Die einzige Einschränkung besteht darin, dass Facebook die WhatsApp-Daten nicht nutzt, "um deine Produkterlebnisse auf Facebook zu verbessern oder dir interessantere Facebook-Anzeigen zu zeigen". Dies sei "das Ergebnis von Diskussionen mit dem Leiter der irischen Datenschutzbehörde (Data Protection Commissioner) und anderen Datenschutzbehörden in Europa". Weiter heißt es: "Falls wir uns zukünftig entscheiden, solche Daten zu diesem Zweck mit den Facebook-Unternehmen zu teilen, erfolgt das nur dann, wenn der Leiter der irischen Datenschutzbehörde einem Mechanismus zustimmt, der eine solche Nutzung ermöglicht."

Nach Ansicht von Caspar ist jedoch schon die jetzige Form der Datenweitergabe nicht zulässig. Das liege unter anderem daran, dass in der eigentlichen Datenschutzrichtlinie darauf nicht eingegangen werde. Unter "Wesentliche Updates" heißt es lediglich: "Nichts von dem, was du über WhatsApp teilst, einschließlich deiner Nachrichten, Fotos und Account-Infos, wird über Facebook oder irgendeine andere Anwendung aus unserer App-Familie sichtbar für andere geteilt, und nichts von dem, was du in diesen Apps veröffentlichst, wird sichtbar für andere über WhatsApp geteilt, es sei denn, du selbst wählst die Option, dies zu tun."
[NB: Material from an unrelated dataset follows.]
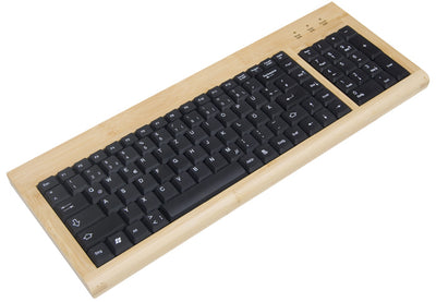 Si te gustaría tener un poco de naturaleza en tu escritorio, ahora hay una alternativa a la planta de interior: La carcasa de este elegante teclado está hecha de bambú auténtico. Solo el bloque de teclas sigue siendo de plástico y se integra perfectamente en la madera con su elegante color negro.

Caspar sagte auf Anfrage von golem.de: "Es ist ja nicht einmal klar, dass es sich bei den Informationen überhaupt um personenbezogenen Daten von Nutzern handelt und gegebenenfalls welche dies dann sein sollen. Hier bleibt alles im Ungefähren." Zudem müsste dann eine Prüfung erfolgen, ob das sogenannte Kopplungsverbot der EU-Verordnung eingehalten werde. Das "berechtigte Interesse" des Unternehmens an der Datenweitergabe dürfte nach Ansicht Caspars nicht ausreichend sein, um auf eine Einwilligung verzichten zu können.